• _Directions for this task_: All lines from the one holding "kun på festene." to the end of the listing are to be output exactly, both ends included, with any pictures left out.

• _Data block_:
Start of Block

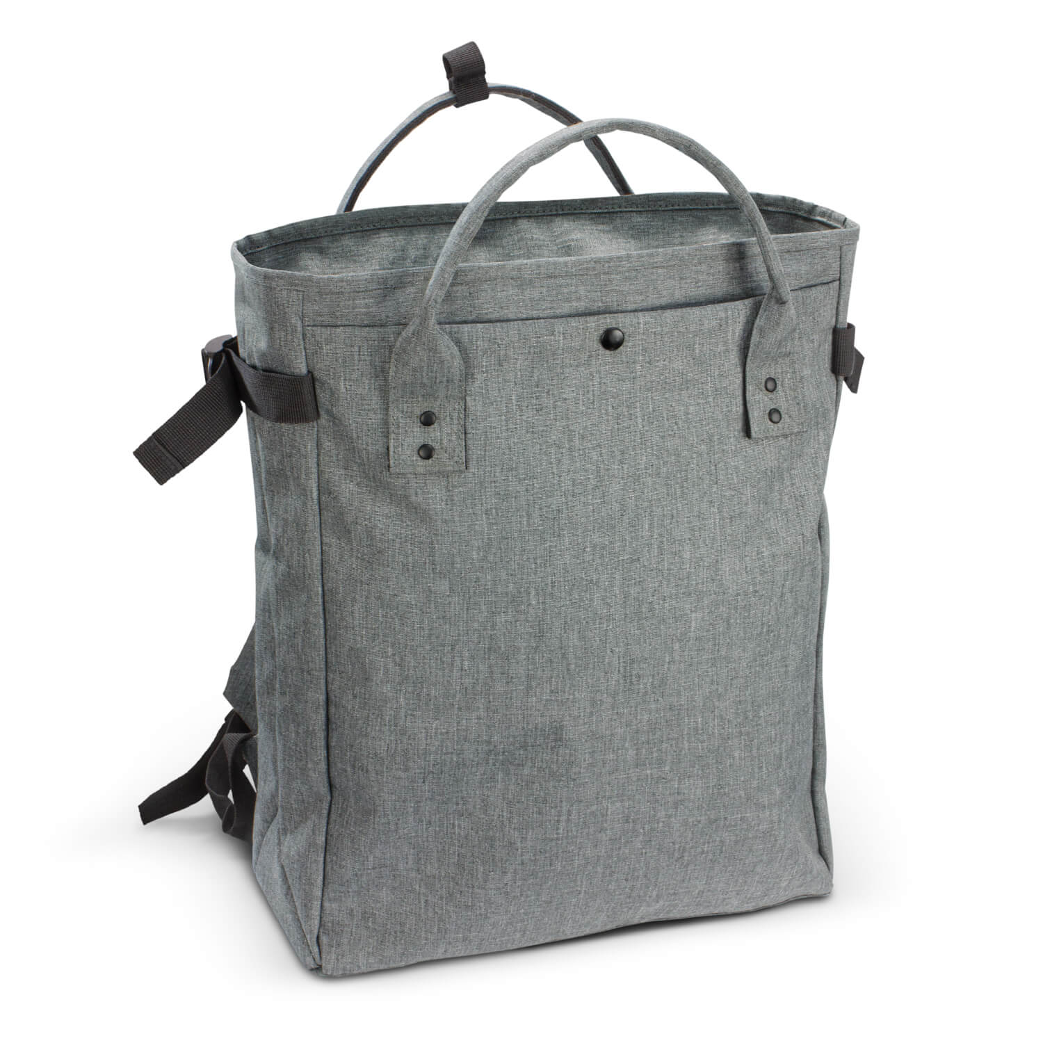 • Extra-large tote bag that can also be worn as a backpack. The bag is manufactured from 300D polyester with a two-tone heather style finish. Newport features a zippered top closure, a front slip pocket with a domed closure, and a zipper to access the main compartment from the back of the bag. The bag has a gusset for increased storage, adjustable side straps and padded shoulder straps and carry handles that are riveted to the bag for added strength.
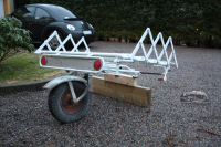 Produsert av “Järn og Stålprodukter” i Borås tidlig på 60 tallet. Fin stand. Mangler baklys pluss ledning og plugg. Den mangler også fester til bilen. Lengden på hengeren kan varieres fra 0,5-1m. Når den ikke er i bruk kan hjulet tas av og den henger kun på festene.
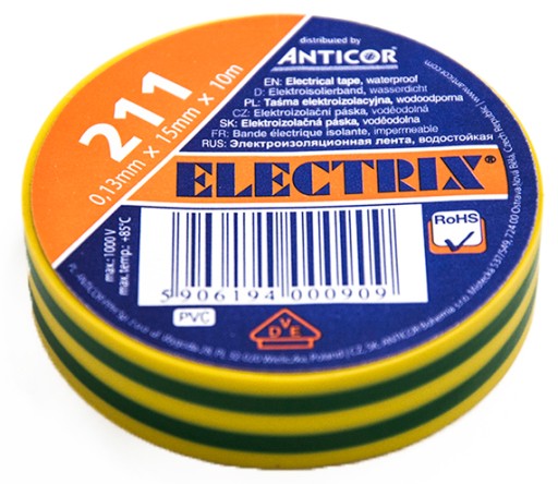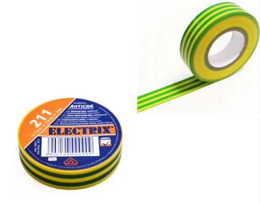 Taśma elektroizolacyjna PCW 15mm x 10m wodoodporna Anticor 211 żółto zielona
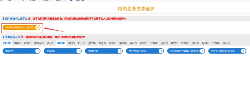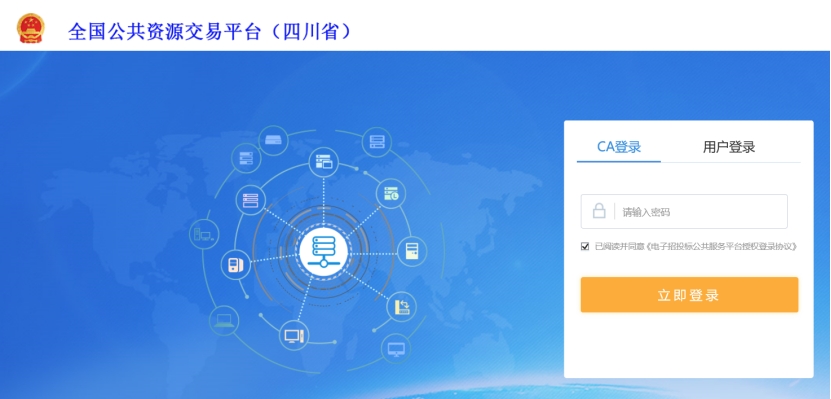 1、使用賬號密碼或CA登陸省統(tǒng)一認(rèn)證平臺,地址:http://ggzyjy.sc.gov.cn/PSPSSO/login/oauth2login

End of Block

• _Your solution_:
 Produsert av “Järn og Stålprodukter” i Borås tidlig på 60 tallet. Fin stand. Mangler baklys pluss ledning og plugg. Den mangler også fester til bilen. Lengden på hengeren kan varieres fra 0,5-1m. Når den ikke er i bruk kan hjulet tas av og den henger kun på festene.
 Taśma elektroizolacyjna PCW 15mm x 10m wodoodporna Anticor 211 żółto zielona
 1、使用賬號密碼或CA登陸省統(tǒng)一認(rèn)證平臺,地址:http://ggzyjy.sc.gov.cn/PSPSSO/login/oauth2login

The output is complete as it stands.